Carlos López Torres
¿En serio cree usted que existe diferencia entre el modo de gobernar, específicamente en cuanto al manejo financiero de los tributos que aportamos se refiere, entre quienes han ocupado la silla grande de la entidad?
¿O piensa acaso que en verdad quienes se han venido sucediendo en el ayuntamiento capitalino, se han caracterizado por una administración escrupulosa de nuestras contribuciones?
El remedo de rendición de cuentas, precedidas de toda una inmensa campaña publicitaria orientada hacia el convencimiento previo de la población, respecto al buen uso de los recursos financieros que el pueblo pone a disposición de los gobernantes se ha convertido en un verdadero fiasco.
Ahí están para muestra los casos de algunos gobernadores priístas, o de otros ex mandatarios estatales del mismo partido o del partido azulino, quienes son acusados de presuntos delitos relacionados con diversos actos de maquinación respecto al uso personal de los recursos financieros que les ha tocado administrar durante su corrupto mandato.

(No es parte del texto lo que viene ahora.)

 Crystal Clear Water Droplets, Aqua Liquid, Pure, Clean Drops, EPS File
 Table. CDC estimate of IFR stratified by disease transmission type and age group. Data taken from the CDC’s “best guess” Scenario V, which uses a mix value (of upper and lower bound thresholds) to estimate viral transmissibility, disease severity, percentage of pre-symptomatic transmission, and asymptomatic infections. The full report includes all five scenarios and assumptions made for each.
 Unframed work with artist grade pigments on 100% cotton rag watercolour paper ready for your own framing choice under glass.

Sin embargo, quienes han esperado años para ver concretadas sus expectativas de todo tipo, desde la mejoría inmediata de su hábitat hasta la prosperidad oportuna de su condición económica, no sólo han ido en aumento, sino han acrecentado su desesperanza de cara a una realidad de mayor empobrecimiento y deterioro en todos los órdenes de su vida, aunque quienes en su momento les rindieron informes espectaculares y les prometieron un futuro de prosperidad y tranquilidad, al final hayan defraudado la confianza depositada en sus respectivas administraciones desde los diferentes niveles de gobierno, para vivir plácidamente un futuro impune.

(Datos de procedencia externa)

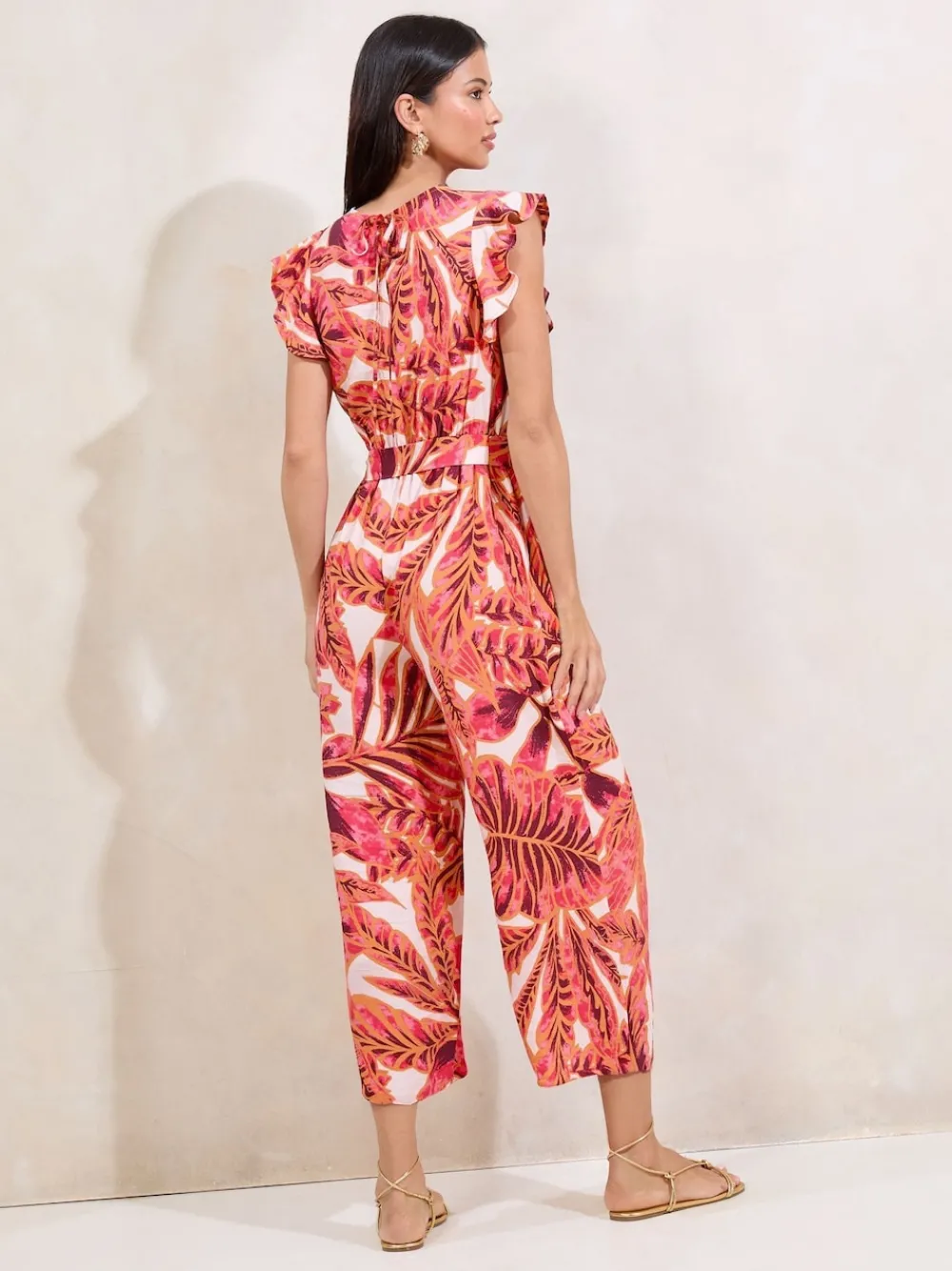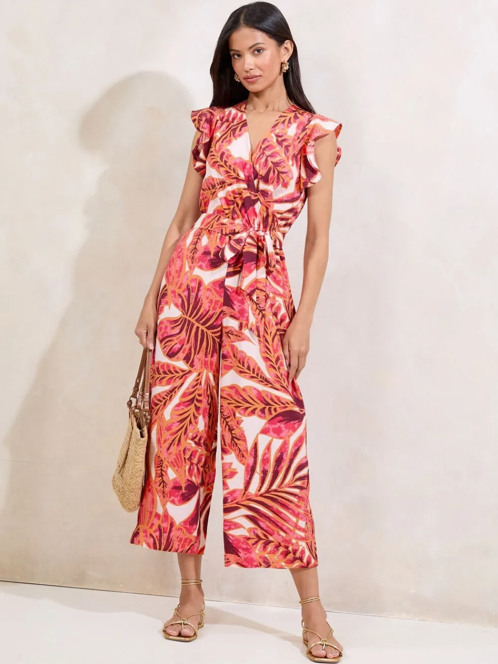 Embrace effortless elegance in the Lipsy Pink Palm Printed Ruffle Sleeve Jumpsuit. This chic jumpsuit showcases a beautiful pink palm print with stylish ruffle sleeves, offering a comfortable yet sophisticated silhouette. Perfect for sunny brunches styled with sandals or dressed up with wedges for a lively garden party. Also perfect for summer beach holidays. Sizing & Fit : Model is 5’9 and wears a size 8. 86% viscose, 14% nylon.

La infaltable cantaleta de la carencia de recursos y el endeudamiento dejado por el otro, forma parte del ritual de todo político que, de entrada, advierte cierta insolvencia financiera para concretar de inmediato las promesas de campaña, aunque no se atreva a ejercer la aplicación de acción penal alguna contra los causantes de la presunta malversación de los recursos públicos.

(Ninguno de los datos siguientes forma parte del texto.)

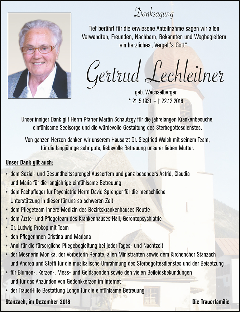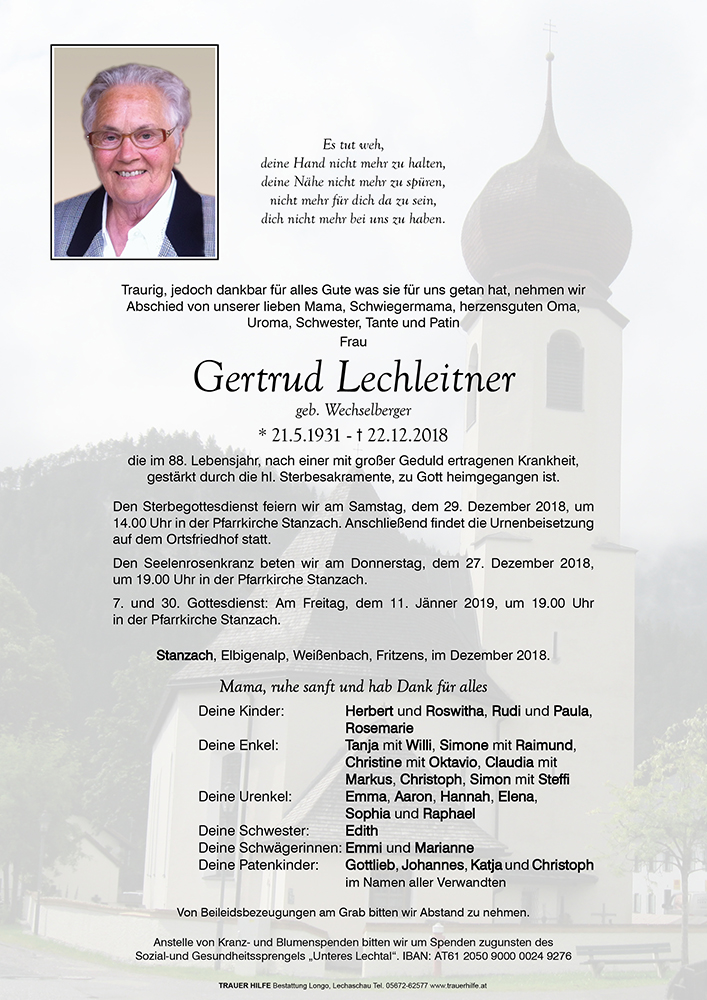 Liebe Traudl, der Herrgott soll es dir vergelten, die vielen Stunden, wo du mit meiner Mama zusammen gebetet, geredet, gelacht, geweint, einander getröstet habt.
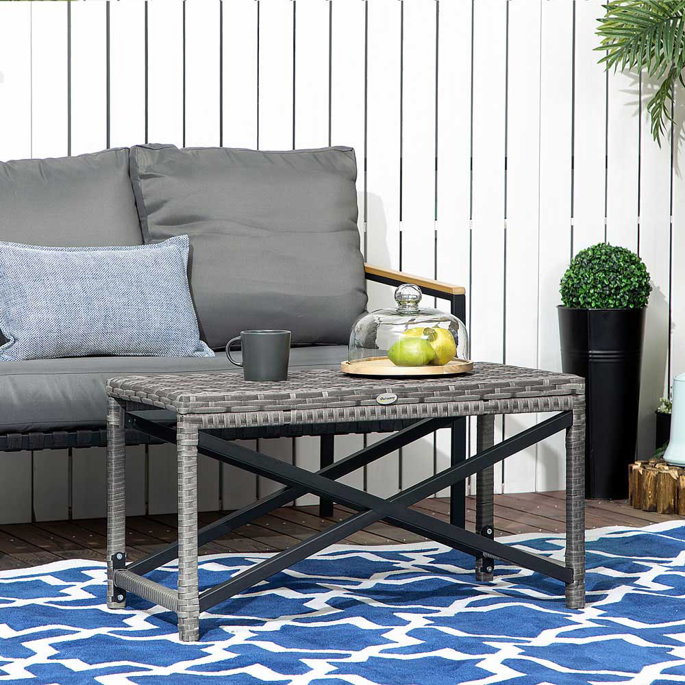 Enjoy a cup of coffee outdoors with Outsunny Grey Wicker Coffee Table. Made from powder-coated metal for a strong structure - it also comes with an 'X' bar for extra support. The table top offers plenty of handy holding room. Featuring footpads to protect the floor - the maximum load that it can pick up is 30kg. Specifications: Color: black and mixed grey, Material: Galvanized Steel, PE Rattan, Overall Dimensions: 80L x 40W x 43Hcm. Weight Capacity: 30kg. Protect your garden furniture with our durable and waterproof covers. Explore our wide range of heavy-duty Garden Furniture covers to find the perfect fit for your needs.
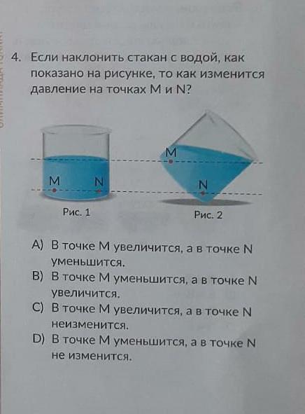 Объяснение: Правильный ответ а) В точке М уменьшится, так как высота столба жидкости в точке М уменьшится. Давление в точке N увеличится, так как увеличилась высота столба жидкости.
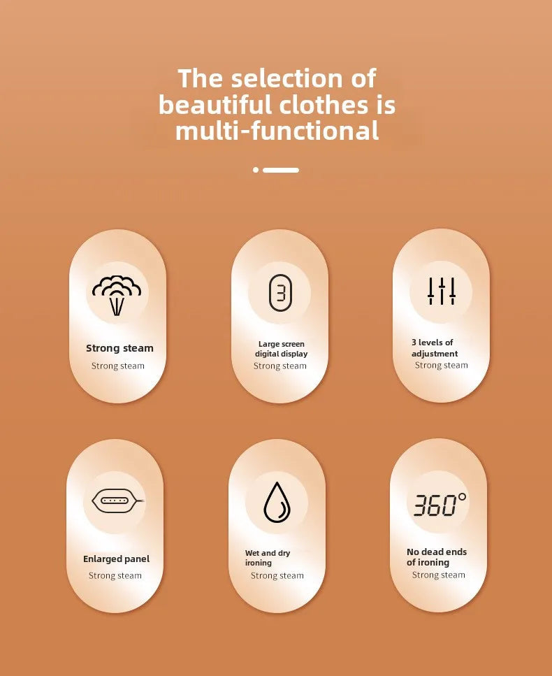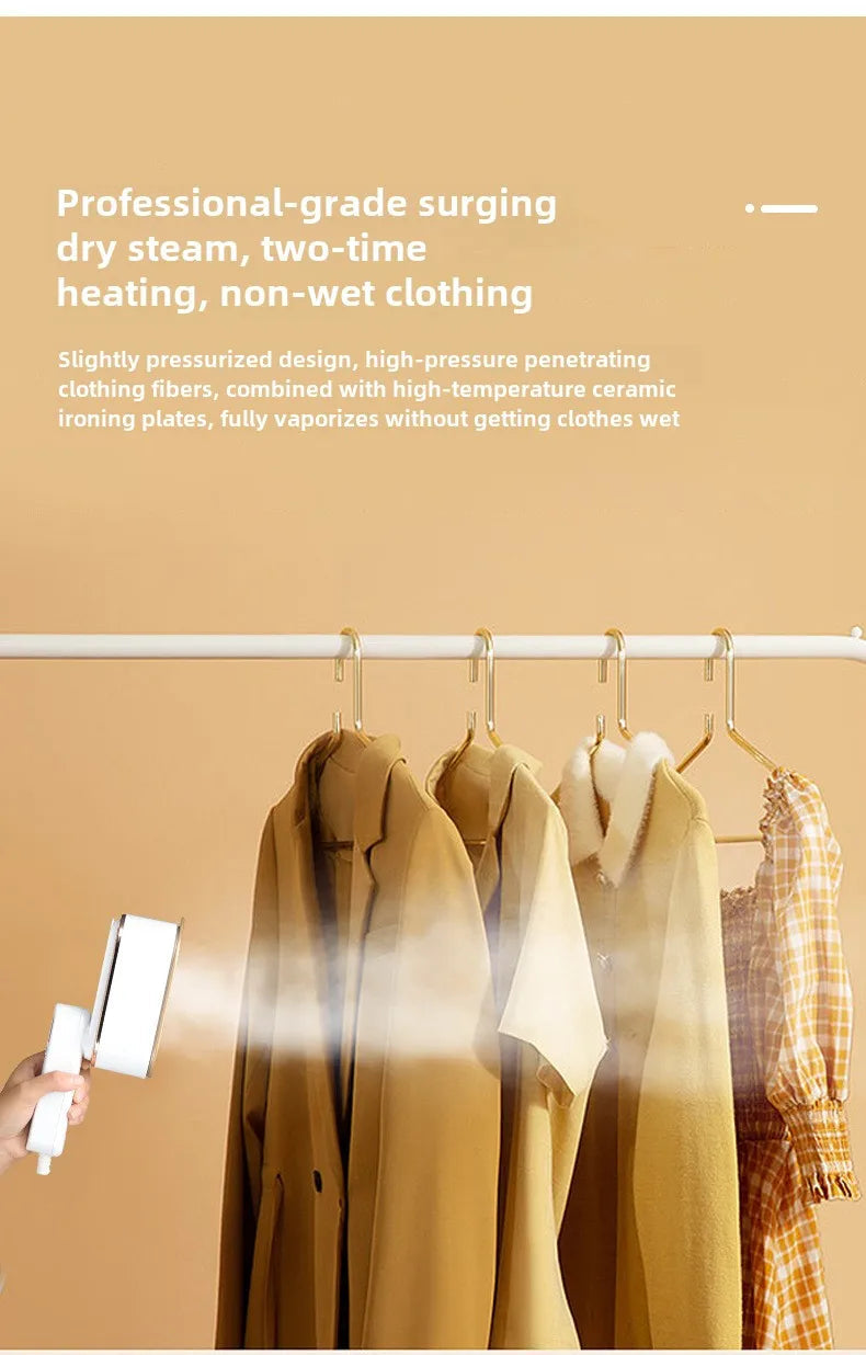 Secondary heating without wet clothes micro-boosting design, high pressure to penetrate the clothing fibers, with high temperature ceramic ironing board, fully vaporized without wet clothes

En paralelo, según el ceremonial establecido, se anuncia invariablemente que el endeudamiento habrá de continuar, dada la imperiosa necesidad de concluir las obras sin terminar y asumir las que el progreso del estado o municipio imponen, para el beneficio y la prosperidad de todas y todas sin exclusión, se insiste.
No, no estamos descubriendo nada nuevo. Sólo advertimos que bajo las escaramuzas públicas, incrementadas a propósito de los informes ofrecidos por los administradores en los cargos públicos de los amos de la entidad, de antaño y de nuevo cuño, subyacen los intereses de grupo cuyas contradicciones tienen que ver más con el reparto del pastel, que con el bienestar de la población a la que finalmente se le ofrece empleo mal pagado y postergación o regateo, en el mejor de los casos, de su derecho a una vida digna.
La paciencia de los desposeídos, quienes además deben sortear la inseguridad, la violencia y el inevitable deterioro de salarios dada la tendencia al aumento del costo de la vida, entre otros factores adversos, empieza a agotarse en medio de las deudas que no se pagan y las nuevas que se dejarán envejecer, aunque al final será la inmensa mayoría quien pague las consecuencias. ¿Cuánto más soportaremos los envejecidos ceremoniales de la clase política potosina?